Take the lines below from the one with "Advance Auto Parts, Inc." through the one with "从具体收费来看,提供本科课程" and retype them exactly. Include nothing else, and no pictures.

**EXTRACTED INFORMATION:**
-- Opening Marker --
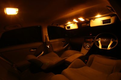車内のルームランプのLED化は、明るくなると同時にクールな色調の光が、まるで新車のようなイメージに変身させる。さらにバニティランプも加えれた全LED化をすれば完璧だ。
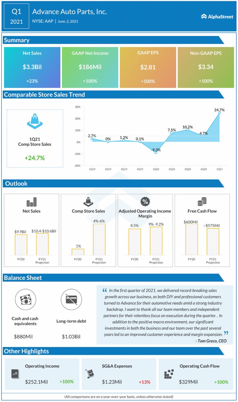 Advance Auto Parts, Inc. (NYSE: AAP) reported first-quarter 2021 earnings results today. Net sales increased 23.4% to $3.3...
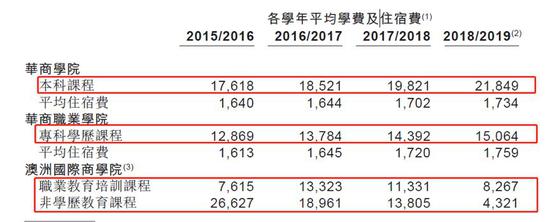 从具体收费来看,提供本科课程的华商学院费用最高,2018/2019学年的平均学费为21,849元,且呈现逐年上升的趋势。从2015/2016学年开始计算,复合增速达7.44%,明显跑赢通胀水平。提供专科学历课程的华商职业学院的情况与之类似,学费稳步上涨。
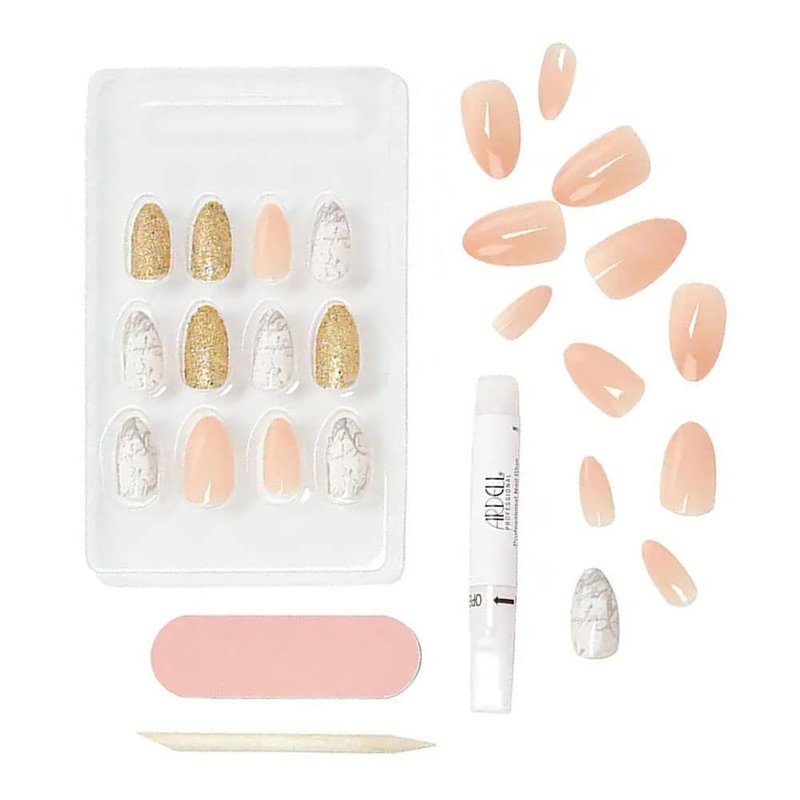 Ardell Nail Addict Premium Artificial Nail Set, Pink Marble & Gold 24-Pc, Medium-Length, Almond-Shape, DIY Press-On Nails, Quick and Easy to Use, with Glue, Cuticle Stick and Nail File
-- Closing Marker --
-- Opening Marker --
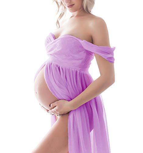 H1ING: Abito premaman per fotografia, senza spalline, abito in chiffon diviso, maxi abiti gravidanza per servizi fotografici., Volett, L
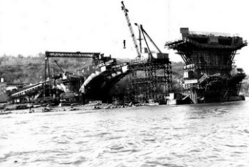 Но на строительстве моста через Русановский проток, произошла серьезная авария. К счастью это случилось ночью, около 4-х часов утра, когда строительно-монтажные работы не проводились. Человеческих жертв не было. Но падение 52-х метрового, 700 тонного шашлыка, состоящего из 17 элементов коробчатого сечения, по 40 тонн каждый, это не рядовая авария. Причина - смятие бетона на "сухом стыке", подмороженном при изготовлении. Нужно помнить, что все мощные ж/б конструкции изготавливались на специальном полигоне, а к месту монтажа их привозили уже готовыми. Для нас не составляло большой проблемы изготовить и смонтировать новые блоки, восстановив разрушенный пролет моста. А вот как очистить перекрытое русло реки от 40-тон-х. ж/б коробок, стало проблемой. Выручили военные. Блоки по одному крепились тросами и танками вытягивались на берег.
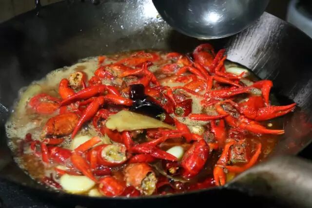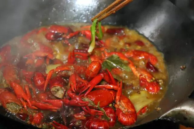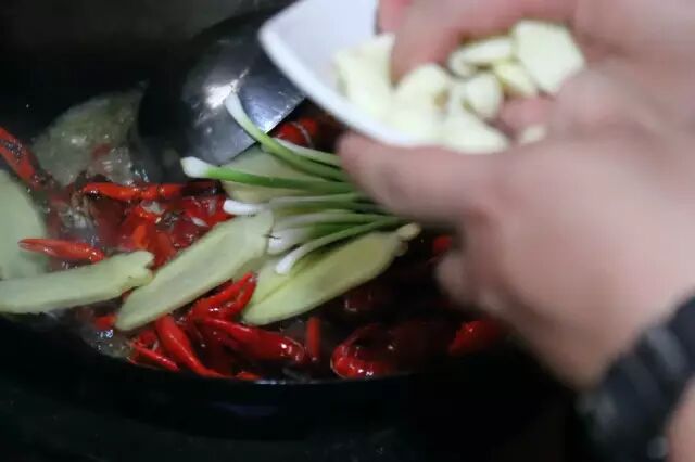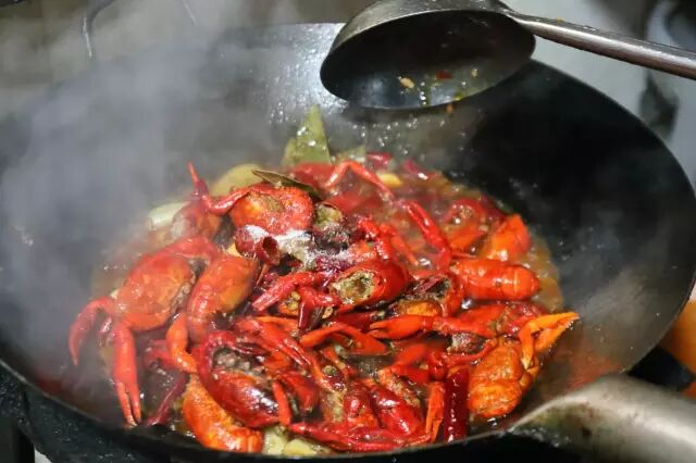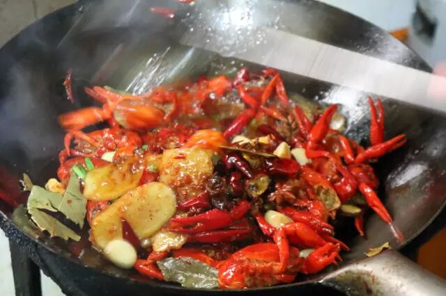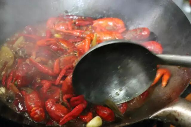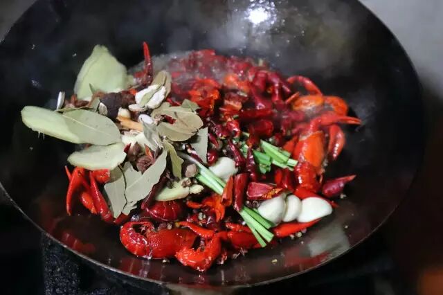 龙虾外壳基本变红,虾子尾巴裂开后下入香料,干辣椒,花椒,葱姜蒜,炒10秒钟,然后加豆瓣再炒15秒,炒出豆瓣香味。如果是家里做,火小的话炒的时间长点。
-- Closing Marker --
-- Opening Marker --
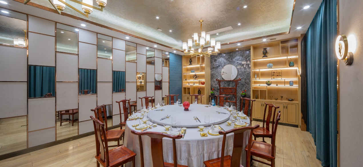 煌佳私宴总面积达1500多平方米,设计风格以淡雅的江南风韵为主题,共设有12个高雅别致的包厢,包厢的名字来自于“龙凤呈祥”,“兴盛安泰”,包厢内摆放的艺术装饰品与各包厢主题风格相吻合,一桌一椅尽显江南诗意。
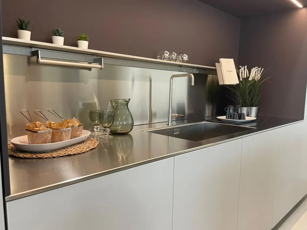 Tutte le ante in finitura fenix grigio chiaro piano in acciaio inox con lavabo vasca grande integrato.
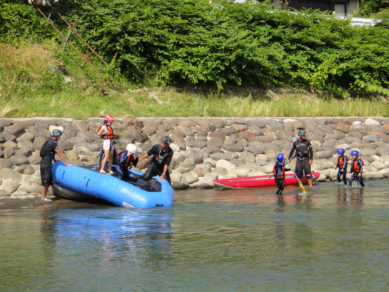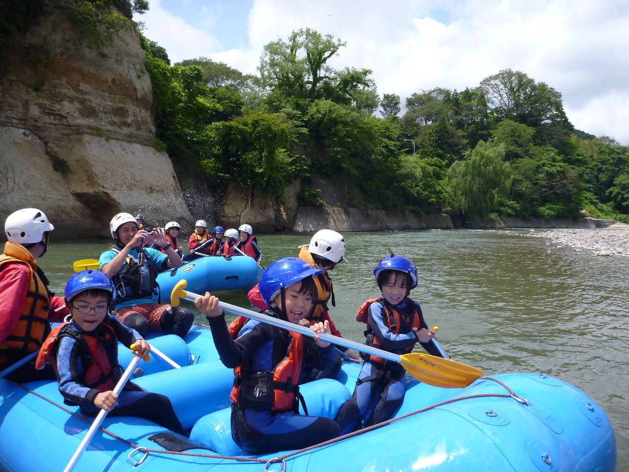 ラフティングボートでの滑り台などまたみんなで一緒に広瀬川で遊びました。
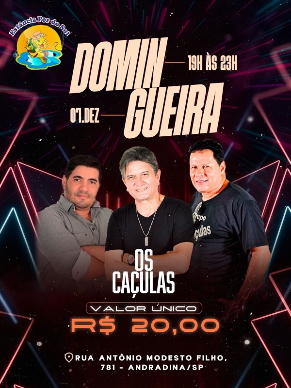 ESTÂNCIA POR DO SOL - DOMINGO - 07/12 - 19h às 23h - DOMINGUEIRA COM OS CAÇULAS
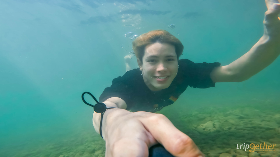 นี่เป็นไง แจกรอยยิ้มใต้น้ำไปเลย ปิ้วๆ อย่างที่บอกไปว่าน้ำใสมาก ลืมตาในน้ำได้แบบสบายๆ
-- Closing Marker --
**ANSWER TO THE EXERCISE:**
 Advance Auto Parts, Inc. (NYSE: AAP) reported first-quarter 2021 earnings results today. Net sales increased 23.4% to $3.3...
 从具体收费来看,提供本科课程的华商学院费用最高,2018/2019学年的平均学费为21,849元,且呈现逐年上升的趋势。从2015/2016学年开始计算,复合增速达7.44%,明显跑赢通胀水平。提供专科学历课程的华商职业学院的情况与之类似,学费稳步上涨。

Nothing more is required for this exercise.